Z-ordering is basically a data-skipping algorithm to dramatically reduce the
amount of data that needs to be read.
- To Z-Order data, you specify the columns to order on in the `ZORDER BY `clause:
```bash
OPTIMIZE events
WHERE date >= current_timestamp() - INTERVAL 1 day
ZORDER BY (eventType)
```
______
### Data Warehouse
- A database designed to store and process large volumes of current and
historical data collected from multiple sources inside and outside the
enterprise for deep analysis.
- Organizes data into tables and columns, and allows users access via SQL.
- Optimized for loading, integrating and analyzing very large amounts of data.
- Designed to support descriptive, diagnostic, predictive and prescriptive
analytic workloads.
______
### Snowflake
- Snowflake offers a cloud-based data storage and analytics service, generally
termed `data warehouse-as-a-service`.
- Snowflake uses virtual compute instances for its compute needs and a storage
service for persistent storage of data.
**Three Main Components**
1. Database Storage
2. Query Processing
3. Cloud Services
**Architecture**
- Snowflake's architecture allows storage and compute to scale independently.
- Similar to shared-disk architectures, Snowflake uses a central data
repository for persisted data that is accessible from all compute nodes in
the platform.
- Snowflake processes queries using `MPP` (massively parallel processing)

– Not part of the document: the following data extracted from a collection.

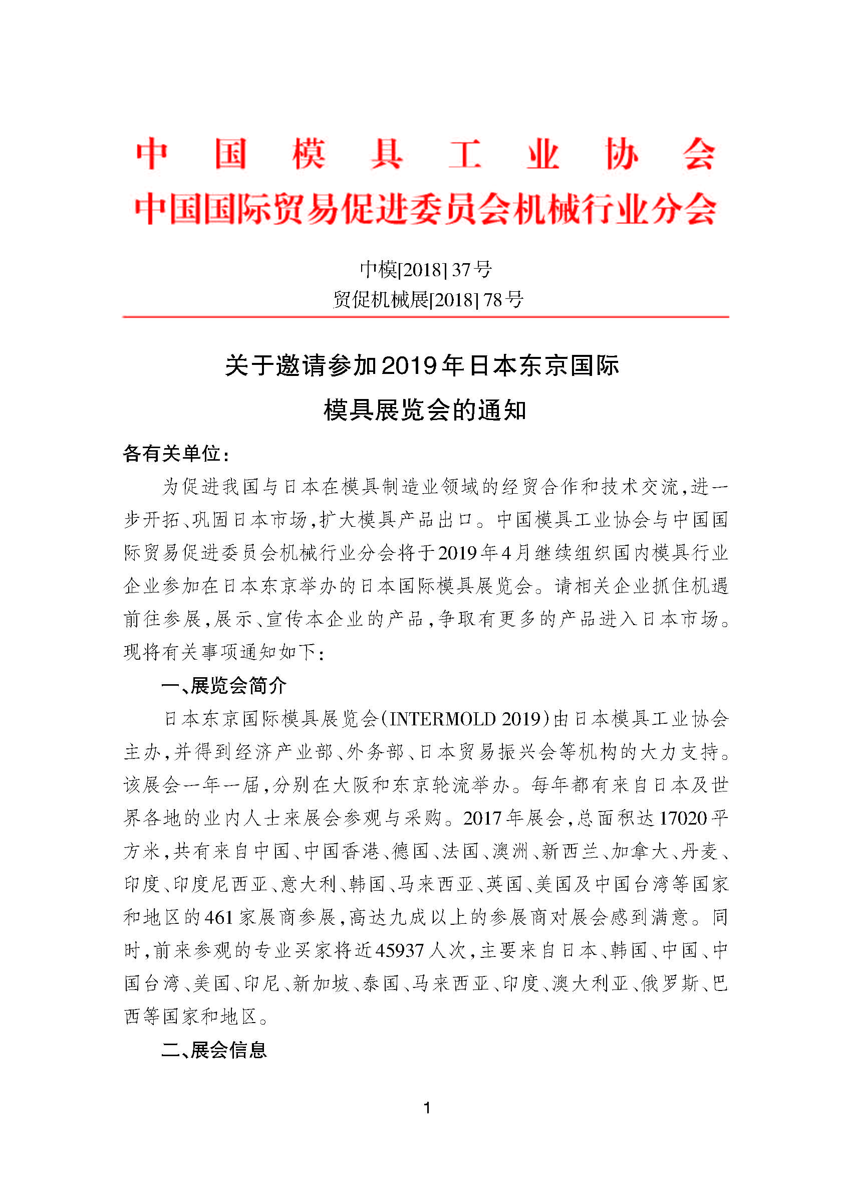 關于邀請參加2019 年日本東京國際模具展覽會的通知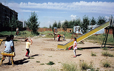 Es ist mittlerweile schon später Nachmittag und an eine Weiterfahrt ist zunächst nicht zu denken. Anderseits bietet es sich auch nicht gerade an, in unmittelbarer Nähe einer Siedlung sein Zelt aufzuschlagen, denn im völligen Gegensatz zu den in der freien Steppe lebenden Nomaden findet man unter den Bewohnern solcher Siedlungen immer Leute, die ihre eigenen Lebensformen entwickelt haben, die weit entfernt sind von der ansonst uneingeschränkten Gastfreundschaft der Mongolen. Wir suchen also das örtliche Gästehaus auf, wo man mich allerdings gleich nach den Reisegenehmigungen fragt. Irgendwie bekomme ich dann auch ohne Genehmigung die Erlaubnis hier zu nächtigen.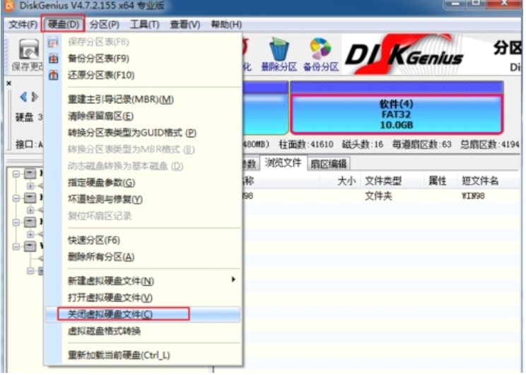 5、點擊硬盤(D),關閉虛擬機硬盤文件(C);關閉Diskgenius軟件。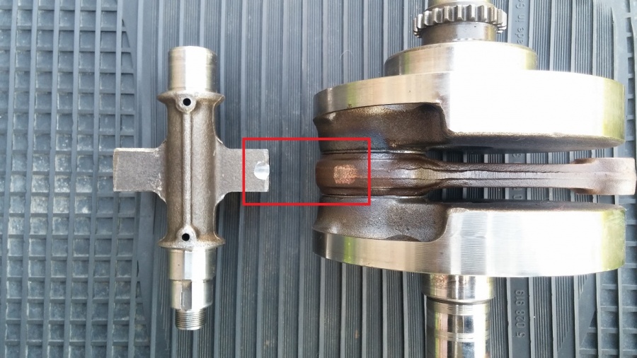 Так что нет там на нее нагрузки. Вообще никакой. Про балансирный вал. Ну там сложнее немного. Там потому что 60 н-м. Но в любом случае с завода это соединение нормально фиксировано. Усталостные напряжения конечно никто не отменял. Но если стопор стоит и его усико нормально загнуто. То соответственно гайка то никак не открутится. Натяг может со временем чутка упасть. От этих усталостных напряжений. А т.к. 60 н-м, не так уж и много. По сравнению со 150 н-м ). То за долгие годы, возможно какую-то нагрузку шпонка и начинает воспринимать. Соответственно это нерасчетный режим работы. И как вода камень точит. Так и тут. Шпонку разбивает. Но это нужно время и абсолютно пофигистическое отношение к тем стукам, которые должны будут исходить из двигателя ).Добавлено спустя 6 минут android: Ну норм. Это еще цветочки ). На DR650 при встрече балансира с коленвалом я видел что просто разрывает картер ). Хотя конечно смотря как они встретятся. С каким моментом инерции и на сколько жестким будет встреча. Это же как с машинами. Или встреча на встречных курсах по касательной, как на фото выше. Или "в лобовую" ! Когда вся скорость сразу переходит в энергию смятия. Ну хотя для системы К.В. - Балансир встреча по касательной конечно невозможна. Там так и так будет "лобовое" ). Но все-же последствия могут быть разные. Все зависит от скорости, а точнее от оборотов двигателя, на которых произойдет встреча.Последствия встречи балансира со срезанной шпонкой и нижней головки шатуна. Двигатель ХТ550. |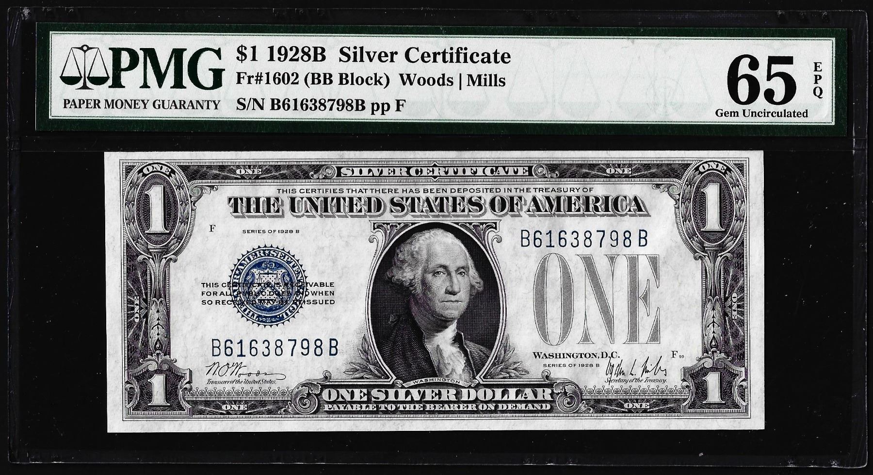 One 1928B $1 Funnyback Silver Certificate Note Fr.1602 PMG Gem Uncirculated 65EPQ.

compute clusters where each node in the cluster stores a portion of the
entire data set locally.
- This approach offers the data management simplicity of a shared-disk
architecture.

[Reference](https://docs.snowflake.com/en/user-guide/intro-key-concepts.html)
**Database storage**
- The database storage layer holds all data loaded into Snowflake, including
structured and semistructured data.
- Snowflake automatically manages all aspects of how the data is stored:
organization, file size, structure, compression, metadata, and statistics.
**Compute layer**
- The compute layer is made up of virtual warehouses that execute data
processing tasks required for queries.
- Each virtual warehouse (or cluster) can access all the data in the storage
layer, then work independently, so the warehouses does not share, or compete
for, compute resources.
- This enables nondisruptive, automatic scaling, which means that while queries
are running, compute resources can scale without the need to redistribute or
rebalance the data in the storage layer.
______
### Partition Strategies
- You can partition a `Delta` table by a column.
- The most commonly used partition column is date.

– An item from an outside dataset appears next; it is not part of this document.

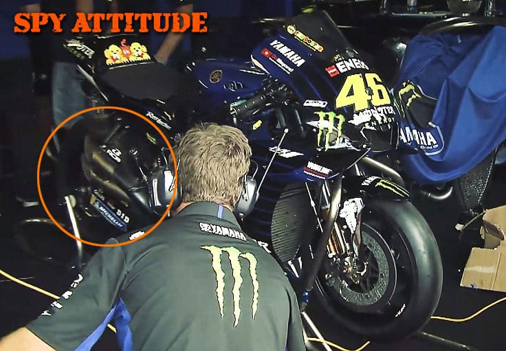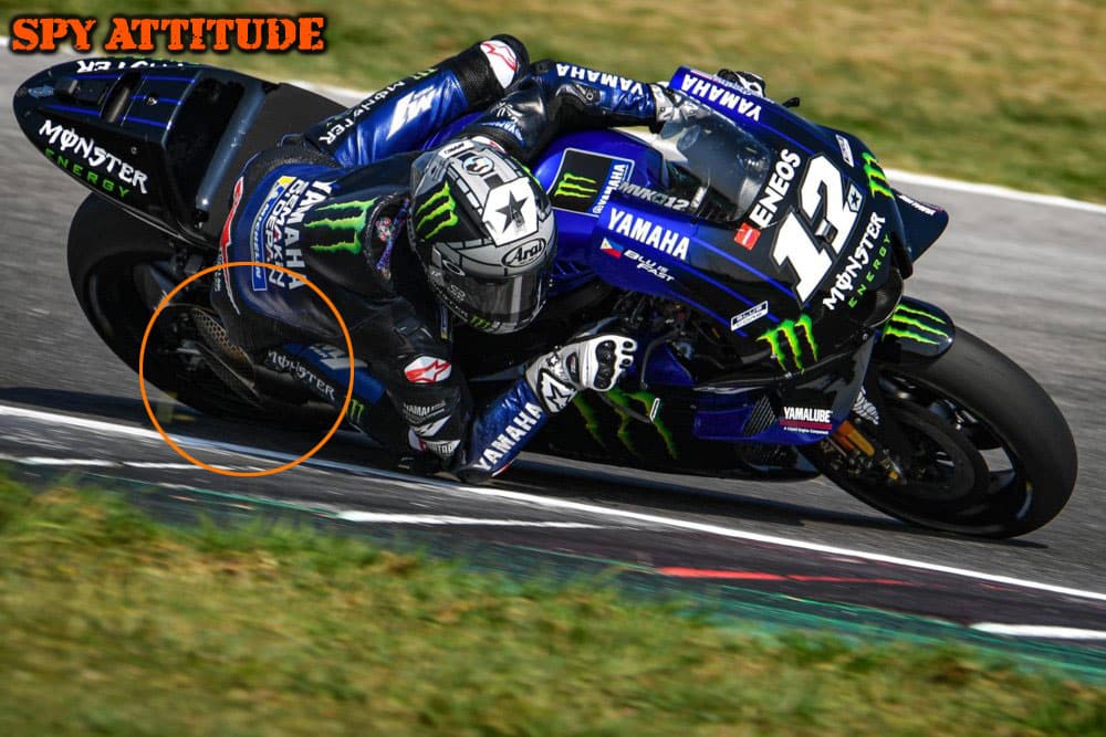 3/ Aujourd’hui, Maverick Vinales et Valentino Rossi ont également essayé un échappement double « façon Suzuki », mais cela n’ayant pas perduré dans le temps, il n’est pas évident que les techniciens de Yamaha soient satisfaits de ce test.

- If the cardinality of a column will be very high, do not use that column for
partitioning.
- For example, if you partition by a column userId and if there can be 1M
distinct user IDs, then that is a bad partitioning strategy.
- Amount of data in each partition: You can partition by a column if you expect
data in that partition to be at least 1 GB.
**Data Compaction:**
- If you continuously write data to a Delta table, it will over time accumulate
a large number of files, especially if you add data in small batches.
- This can have an adverse effect on the efficiency of table reads, and it can
also affect the performance of your file system. Ideally, a large number of
small files should be rewritten into a smaller number of larger files on a
regular basis.
- This is known as `compaction`.
- You can compact a table by repartitioning it to a smaller number of files.
______
### Data Serialization
- Serialization is the process of converting an object into a stream of bytes
to store the object or transmit it to memory, a database, or a file.
- Its main purpose is to save the state of an object in order to be able to
recreate it when needed.
- The reverse process is called deserialization.
- Serialization is the process of converting an object into a stream of bytes
to store the object or transmit it to memory, a database, or a file.
- Its main purpose is to save the state of an object in order to be able to
recreate it when needed. The reverse process is called deserialization.